When the values of likelihood of a token appearing every run continuously change by up to several percent, the top-ranking probability that comes from the language model can change.

Here, as part of my investigation with many different styles of API calls and scripts to process the data returned, we investigate gpt-3.5-turbo-instruct - a close cousin to the chat model. I prompt the task of writing 200 poems in the style of Poe. I also set the top_p to top_p=1e-16, ensuring that nothing but the top token value could be in that probability space. (I found I got better speed running at n>1, making multiple outputs with one call, and got the same results as separate calls).

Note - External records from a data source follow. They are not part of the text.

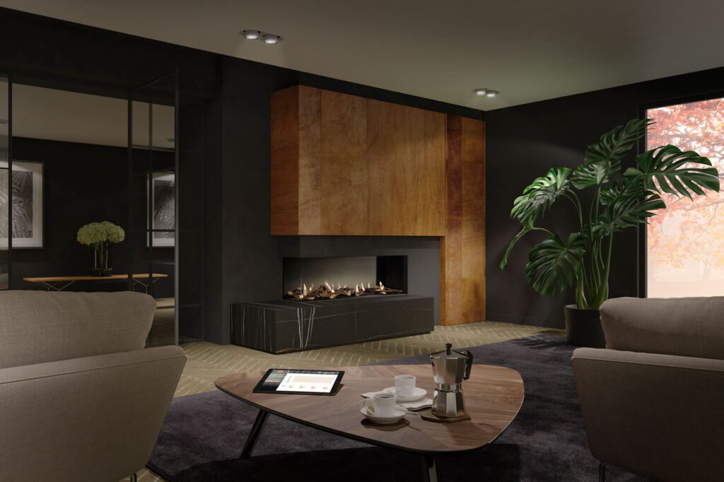 Metro 130XT/2 Eco Wave is an expansive 2 sided balanced flue gas fire. It can be used as a feature in a room dividing wall, transforming an ordinary living room into a warm and dramatic environment. It is available with natural logs or Carrara stone fire beds, mains gas or Propane versions and raised hearths with fabricated chimneybreasts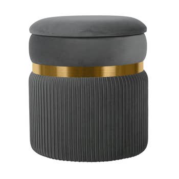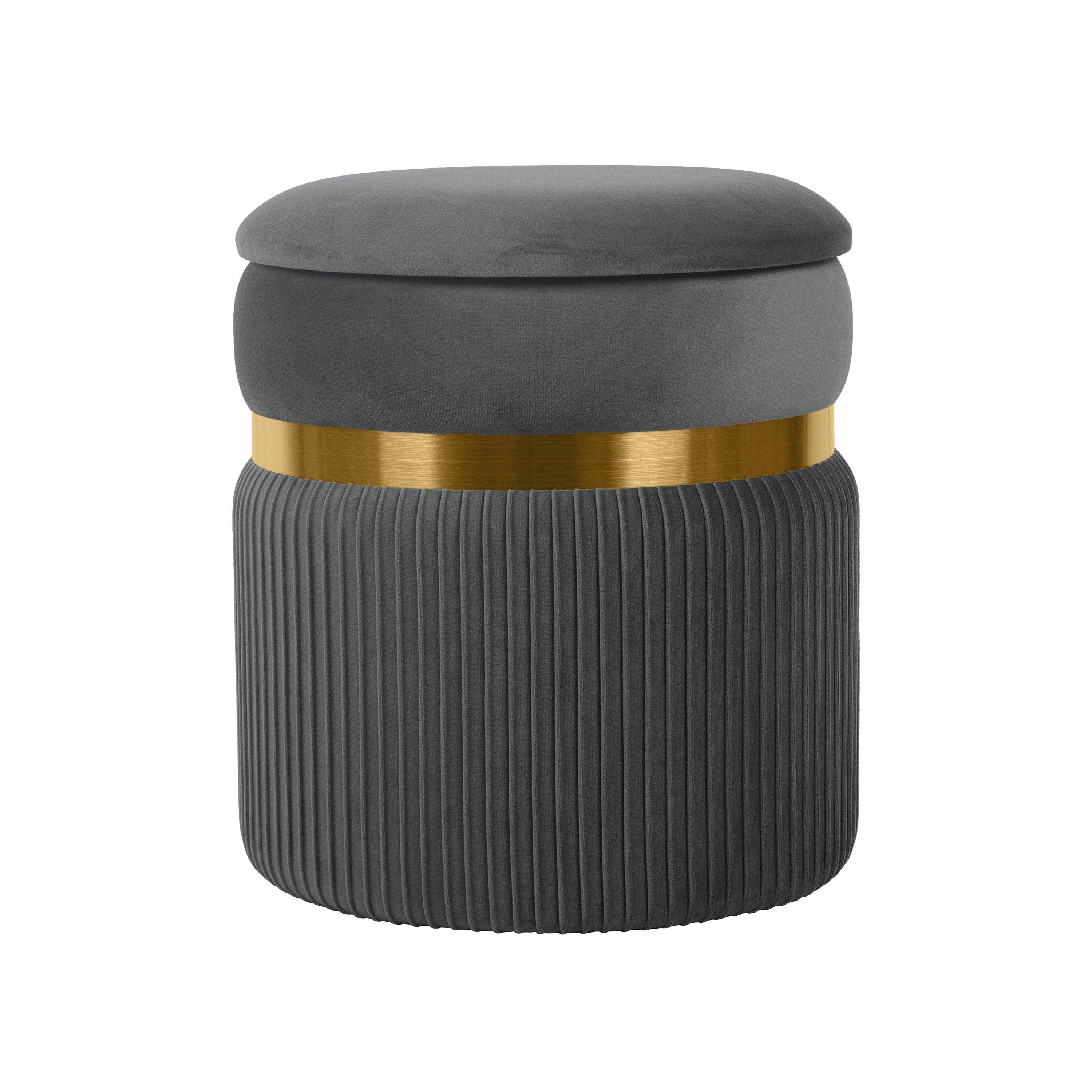 Accent your living room with this Charlotte round-shaped black ottoman with a gold base. This contemporary ottoman comes fully upholstered in velvet fabric for a soft and plush feel. It has a removable top lid that offers storage space to accommodate small items of everyday use. All the materials used in the construction are sturdy and durable. The gold-colored base puts up a striking contrast to the black upholstery for added appeal. Design: Black-colored round ottoman with a removable top and gold base Colour:Black Material:Velvet Dimension:17.75 DIA X 17.75 H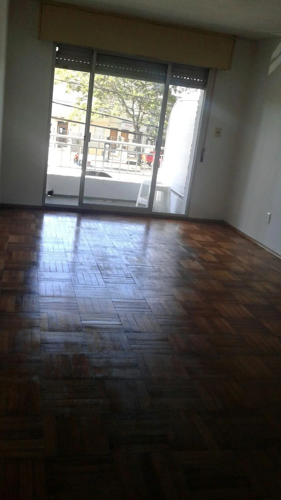 Espacioso Living comedor, con pisos de parquet en excelente estado, y cuenta con acceso directo a una terraza al frente con baranda de hierro, ideal para disfrutar del aire libre y la vista despejada.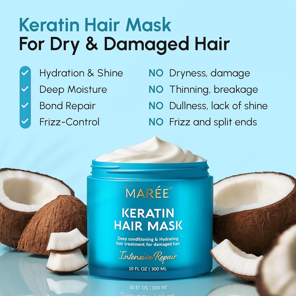 قناع الشعر العميق للشعر الجاف والنمو التالف: يتم غمر علاج الشعر ماري الكيراتين بالكراتين والبيوتين وزيت جوز الهند للشعر اللامع الناعم! قناع المكيفات والشعر الخاص بنا لترطيب الشعر المجعد وإصلاح الأقفال الحريرية!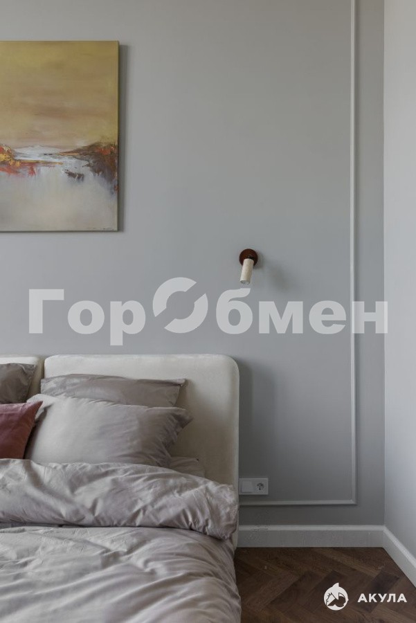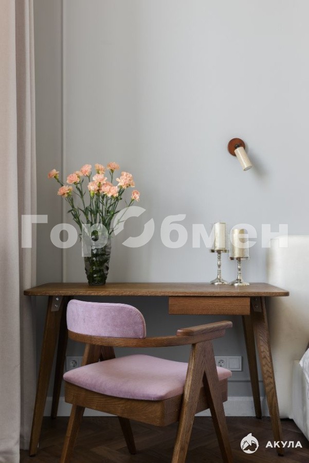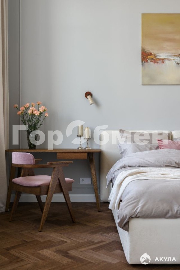 В спальне гардеробная с подсветкой, кровать с ортопедическим матрасом Askona, письменный стол и стул из массива дуба.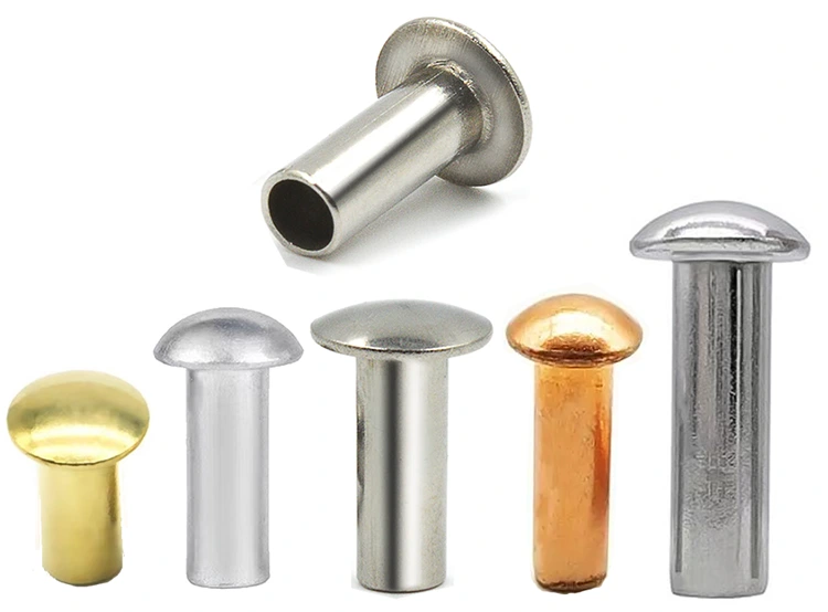 O design de cabeça plana e arredondada permite que o rebite de cabeça universal fique nivelado com a superfície da peça após a instalação, minimizando a saliência e tornando-o adequado para aplicações que exigem uma superfície lisa. Os materiais comuns dos rebites de cabeça universal incluem cobre, aço e alumínio.Rebites de cobre oferecem excelente condutividade e resistência à corrosão, tornando-os adequados para equipamentos eletrônicos e aplicações decorativas;rebites de açooferecem alta resistência, tornando-os adequados para máquinas pesadas; erebites de alumíniosão leves, tornando-os adequados para as indústrias de aviação e automotiva. A instalação normalmente é realizada com uma ferramenta de rebitagem, que é simples e eficiente.

Format of Report: mismatch discovered in comparisons of multiple runs:
[token sequence leading up to mismatch] - logprob of last logit
top: {shows the top-3 tokens and their logprob values}

i vs j: mismatch at token position 686
0:[‘ont’, ‘ill’, ‘ado’, “'s”, ’ Pun’] -1.4826658
0:top:{’ Pun’: -1.4826658, ’ V’: -1.4982907, ’ Madness’: -2.8107908}
1:[‘ont’, ‘ill’, ‘ado’, “'s”, ’ V’] -1.4914709
1:top:{’ V’: -1.4914709, ’ Pun’: -1.4914709, ’ Madness’: -2.8195958}

i vs j: mismatch at token position 416
0:[’ "‘, ‘The’, ’ Ha’, ‘unted’, ’ Castle’] -1.7199239
0:top:{’ Castle’: -1.7199239, ’ Mind’: -1.7667986, ’ Forest’: -2.1886737}
2:[’ "‘, ‘The’, ’ Ha’, ‘unted’, ’ Mind’] -1.6457075
2:top:{’ Mind’: -1.6457075, ’ Castle’: -1.7707075, ’ Forest’: -2.2394576}

i vs j: mismatch at token position 435
0:[‘The’, ’ Imp’, ’ of’, ’ the’, ’ Night’] -1.7654115
0:top:{’ Night’: -1.7654115, ’ Un’: -1.8591615, ’ Mind’: -2.7497866}
3:[‘The’, ’ Imp’, ’ of’, ’ the’, ’ Un’] -1.8257471
3:top:{’ Un’: -1.8257471, ’ Night’: -1.8257471, ’ Mind’: -2.575747}

i vs j: mismatch at token position 465
0:[‘The’, ’ Gold’, ’ Bug’, “'s”, ’ En’] -1.0015507
0:top:{’ En’: -1.0015507, ’ Quest’: -1.0640508, ’ R’: -2.6890507}
4:[‘The’, ’ Gold’, ’ Bug’, “'s”, ’ Quest’] -1.0133702
4:top:{’ Quest’: -1.0133702, ’ En’: -1.0446202, ’ R’: -2.73212}

We discover in almost every case, there is a token in the generation that falls to second place, even when we are not doing random sampling, but instead looking directly at the probability values.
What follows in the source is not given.